Friday, March 11, 2011

Creative destruction

Boyes posting on the reaction to fracking is an excellent illustration of the impact and reaction to creative destruction. As the process of innovation and creativity is actualized the prospect of change is unsettling. This sense of discomfort is amplified by the threat that change poses to those who are successful under the existing regime.

That said, the role played by education at any level in confronting creative destruction is significant. One perspective of the role of education is to create independent thinking and provide a framework for examining alternative points of view. In fact, this ideal lies at the heart of the economic way of thinking - trying to understand costs and benefits, the incentive and institutional framework that shapes incentives and costs and an analysis of the consequences of choice.

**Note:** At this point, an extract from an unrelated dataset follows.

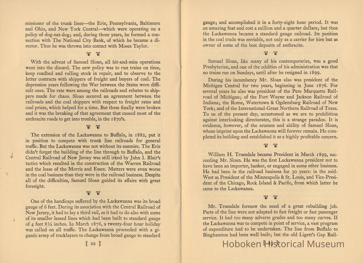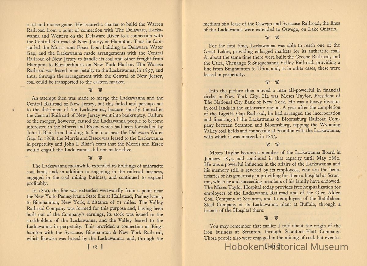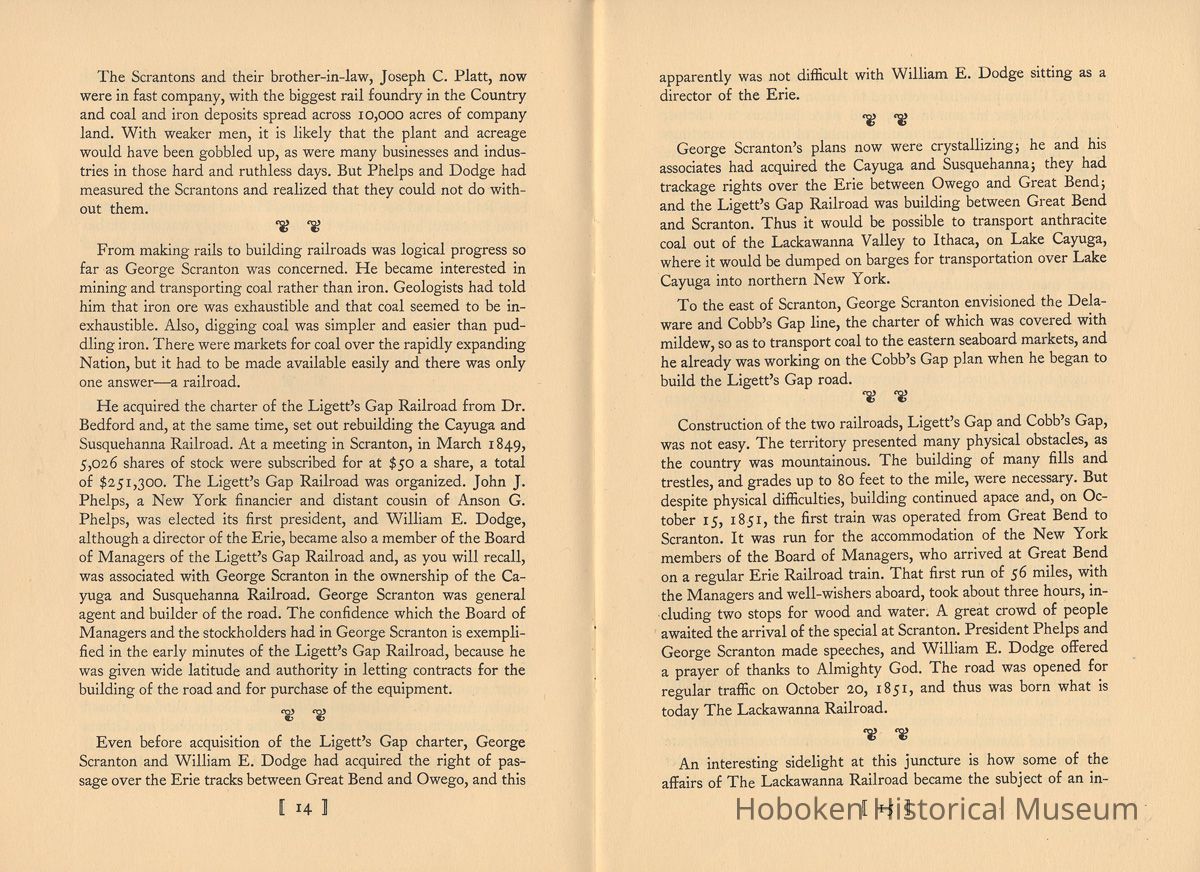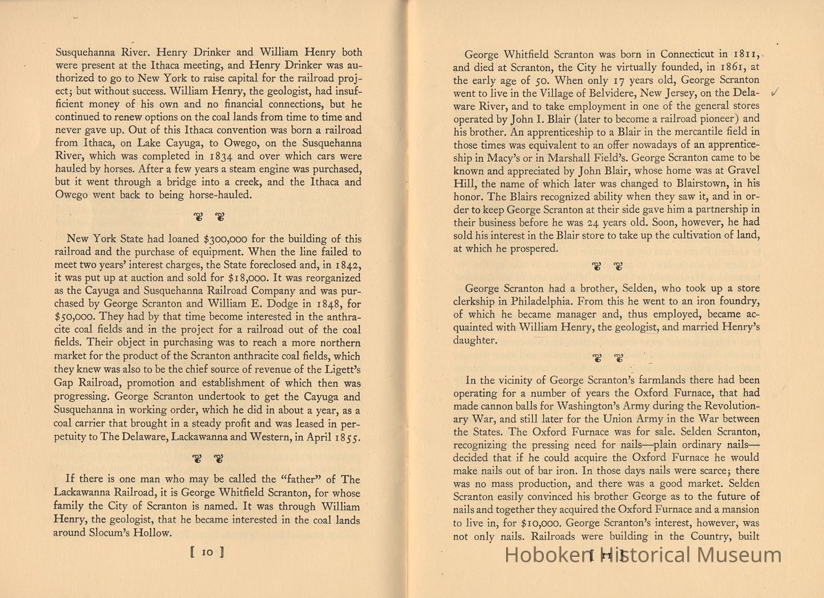 Notes: Selected text from Archives 2011.005.0251: The Lackawanna. "The Route of Phoebe Snow" 1851-1951. A Centenary Address. William White. Published by the Newcomen Society in North America, 1951. | 9 | Susquehanna River. Henry Drinker and William Henry both were present at the Ithaca meeting, and Henry Drinker was authorized to go to New York to raise capital for the railroad project but without success. William Henry, the geologist, had insufficient money of his own and no financial connections, but he continued to renew options on the coal lands from time to time and never gave up. Out of this Ithaca convention was born a railroad from Ithaca, on Lake Cayuga, to Owego, on the Susquehanna River, which was completed in 1834 and over which cars were hauled by horses. After a few years a steam engine was purchased, but it went through a bridge into a creek, and the Ithaca and Owego went back to being horse-hauled. - New York State had loaned $300,000 for the building of this railroad and the purchase of equipment. When the line failed to meet two years' interest charges, the State foreclosed and, in 1842, it was put up at auction and sold for $18,000. It was reorganized as the Cayuga and Susquehanna Railroad Company and was purchased by George Scranton and William E. Dodge in 1848, for $50,000. They had by that time become interested in the anthra- cite coal fields and in the project for a railroad out of the coal fields. Their object in purchasing was to reach a more northern market for the product of the Scranton anthracite coal fields, which they knew was also to be the chief source of revenue of the Ligett's Gap Railroad, promotion and establishment of which then was progressing. George Scranton undertook to get the Cayuga and Susquehanna in working order, which he did in about a year, as a coal carrier that brought in a steady profit and was leased in per- petuity to The Delaware, Lackawanna and Western, in April 1855. If there is one man who may be called the "father" of The Lackawanna Railroad, it is George Whitfield Scranton, for whose family the City of Scranton is named. It was through William Henry, the geologist, that he became interested in the coal lands around Slocum's Hollow. I 10 ] George Whitfield Scranton was born in Connecticut in 1811, and died at Scranton, the City he virtually founded, in 1861, at the early age of 50. When only 17 years old, George Scranton went to live in the Village of Belvidere, New Jersey, on the Dela- ware River, and to take employment in one of the general stores operated by John I. Blair (later to become a railroad pioneer) and his brother. An apprenticeship to a Blair in the mercantile field in those times was equivalent to an offer nowadays of an apprentice- ship in Macy's or in Marshall Field's. George Scranton came to be known and appreciated by John Blair, whose home was at Gravel Hill, the name of which later was changed to Blairstown, in his honor. The Blairs recognized ability when they saw it, and in or- der to keep George Scranton at their side gave him a partnership in their business before he was 24 years old. Soon, however, he had sold his interest in the Blair store to take up the cultivation of land, at which he prospered. - George Scranton had a brother, Selden, who took up a store clerkship in Philadelphia. From this he went to an iron foundry, of which he became manager and, thus employed, became ac- quainted with William Henry, the geologist, and married Henry's daughter. - In the vicinity of George Scranton's farmlands there had been operating for a number of years the Oxford Furnace, that had made cannon balls for Washington's Army during the Revolutionary War, and still later for the Union Army in the War between the States. The Oxford Furnace was for sale. Selden Scranton, recognizing the pressing need for nails-plain ordinary nails- decided that if he could acquire the Oxford Furnace he would make nails out of bar iron. In those days nails were scarce; there was no mass production, and there was a good market. Selden Scranton easily convinced his brother George as to the future of nails and together they acquired the Oxford Furnace and a mansion to live in, for $10.000. George Scranton's interest, however, was not only nails. Railroads were building in the Country, built I 11 I largely of strap rail. The crying need was for iron rail-the T rail - made then only in England and imported into this Country. - The Scrantons' operation of the Oxford Furnace was successful and their nails became well known. However, times were hard and payments were slow. They needed capital, but the banks would let them have money only if they could be taken in as partners. This the Scrantons would not do; rather, they turned to their friend, John I. Blair, and took him in as a partner, and partners they were in many later ventures. - The charter for the Ligett's Gap Railroad was held by Dr. Andrew Bedford, a country doctor, who renewed it every five years. Dr. Bedford advised William Henry, the geologist, to go to Oxford Furnace and try to persuade the Scranton brothers (one of them his son-in-law) to provide the money to take up the op- tions which Henry held at Slocum's Hollow, and to build a blast furnace. Iron was being made with anthracite coal in Wales and at Pottsville, Pennsylvania, so why not at Slocum's Hollow? Here was an opportunity for George Scranton to make iron rails. The brothers easily were persuaded. Philip H. Mattes, who owned a tract of land not far away from Slocum's Hollow on which were iron ore veins, was invited into a partnership, and thus was or- ganized the firm of Scrantons, Grant & Company to make iron at Slocum's Hollow. In 1842, the operation was successfully launched, but the orders for T-rails which George Scranton had counted on so heavily were not forthcoming. Other people were brought into the venture, including two cousins of the Scranton brothers, also named Scranton, who were businessmen of Augusta,

Another view of education, explicated by Sowell, Hayek and others, is indoctrination. That is, as in the case that Boyes reports, schools can present and advocate for an ideology. The point of view presented by the elementary school teacher is one based on fear of change, distrust of emergent processes and hostility to change.

Boyes and I have explored the moral content of economics and this case is an excellent opportunity to consider the moral framework offered by the economic way of thinking and to juxtapose the economic way of thinking with an ideological view that mobilizes to oppose creative destruction in favor of a static view. Further, the static view favored by those who control or seek to control is a narrow one premised on the false premise of egalitarianism.

I am anxious to explore this juxtaposition in an effort to better understand those who would deny progress or change.